We let \(P(n)\) be the statement that \(2^{n-1} \leq n!\) is true. Plug in \(n=1\) to see that \(P(1)\) is true.

Suppose \(P(n)\) is true. That is, suppose \(2^{n-1} \leq n!\) holds. Multiply both sides by 2 to obtain

\begin{equation*}
2^n \leq 2(n!) .
\end{equation*}

As \(2 \leq (n+1)\) when \(n \in \N\text{,}\) we have \(2(n!) \leq (n+1)(n!) = (n+1)!\text{.}\) That is,

\begin{equation*}
2^n \leq 2(n!) \leq (n+1)!,
\end{equation*}

and hence \(P(n+1)\) is true. By the principle of induction, \(P(n)\) is true for all \(n \in \N\text{.}\) In other words, \(2^{n-1} \leq n!\) is true for all \(n \in \N\text{.}\)
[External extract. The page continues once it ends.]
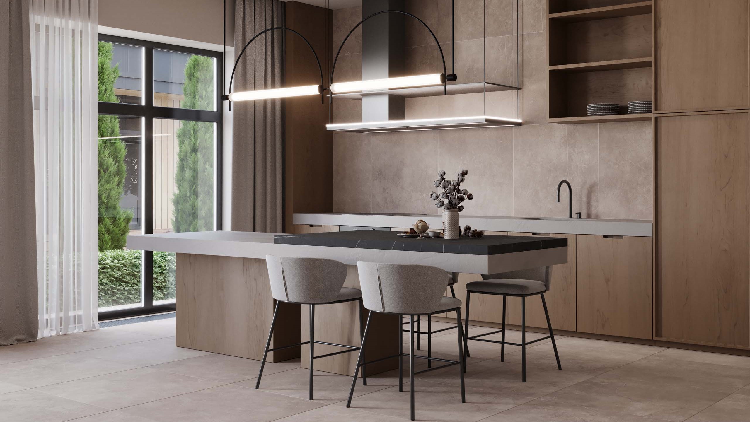 Чтобы матовый черный не перегружал пространство, используйте его для мебели с чистыми линиями — это добавит современности, но не сделает интерьер тяжелым. Сочетайте с теплыми нейтральными оттенками в отделке, кремовым или молочным.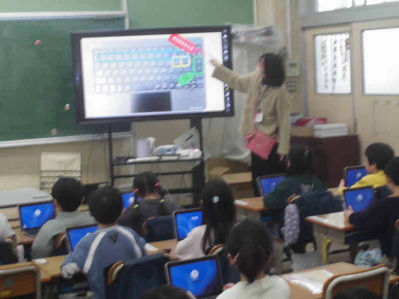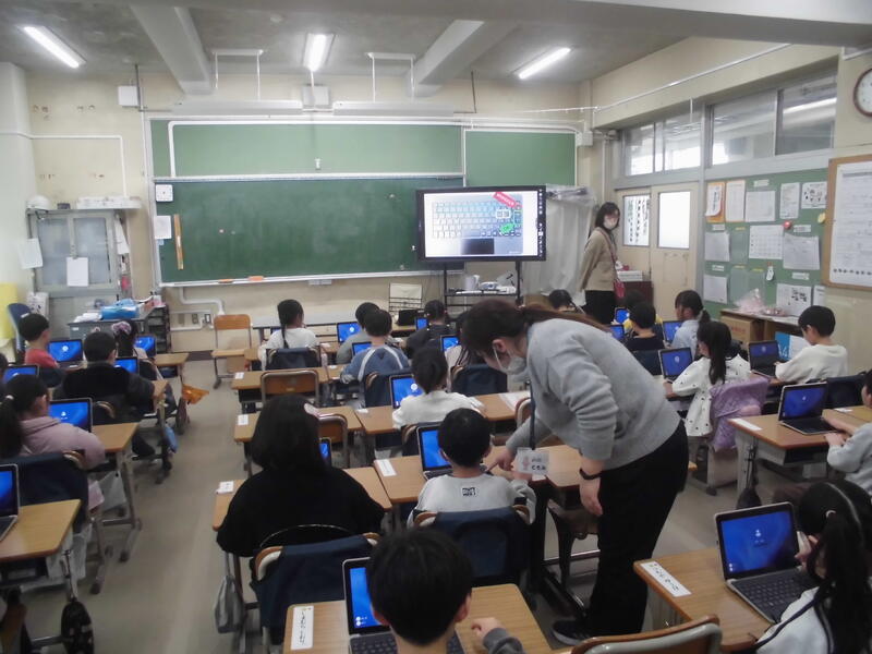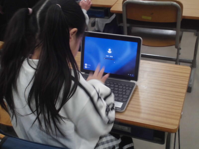1年生は、冬休み前に配付されたタブレットに初めて触れていました。

We claim that for all \(c \not= 1\text{,}\)

\begin{equation*}
1 + c + c^2 + \cdots + c^n = \frac{1-c^{n+1}}{1-c} .
\end{equation*}

Proof: It is easy to check that the equation holds with \(n=1\text{.}\) Suppose it is true for \(n\text{.}\) Then

\begin{equation*}
\begin{split}
1 + c + c^2 + \cdots + c^n + c^{n+1} & =
( 1 + c + c^2 + \cdots + c^n ) + c^{n+1} \\
& = \frac{1-c^{n+1}}{1-c} + c^{n+1} \\
& = \frac{1-c^{n+1} + (1-c)c^{n+1}}{1-c} \\
& = \frac{1-c^{n+2}}{1-c} .
\end{split}
\end{equation*}

Sometimes, it is easier to use in the inductive step that \(P(k)\) is true for all \(k = 1,2,\ldots,n\text{,}\) not just for \(k=n\text{.}\) This principle is called *strong induction* and is equivalent to the normal induction above. The proof of that equivalence is left as an exercise.

Let \(P(n)\) be a statement depending on a natural number \(n\text{.}\) Suppose that

*(basis statement)*\(P(1)\) is true.*(induction step)*If \(P(k)\) is true for all \(k = 1,2,\ldots,n\text{,}\) then \(P(n+1)\) is true.

Then \(P(n)\) is true for all \(n \in \N\text{.}\)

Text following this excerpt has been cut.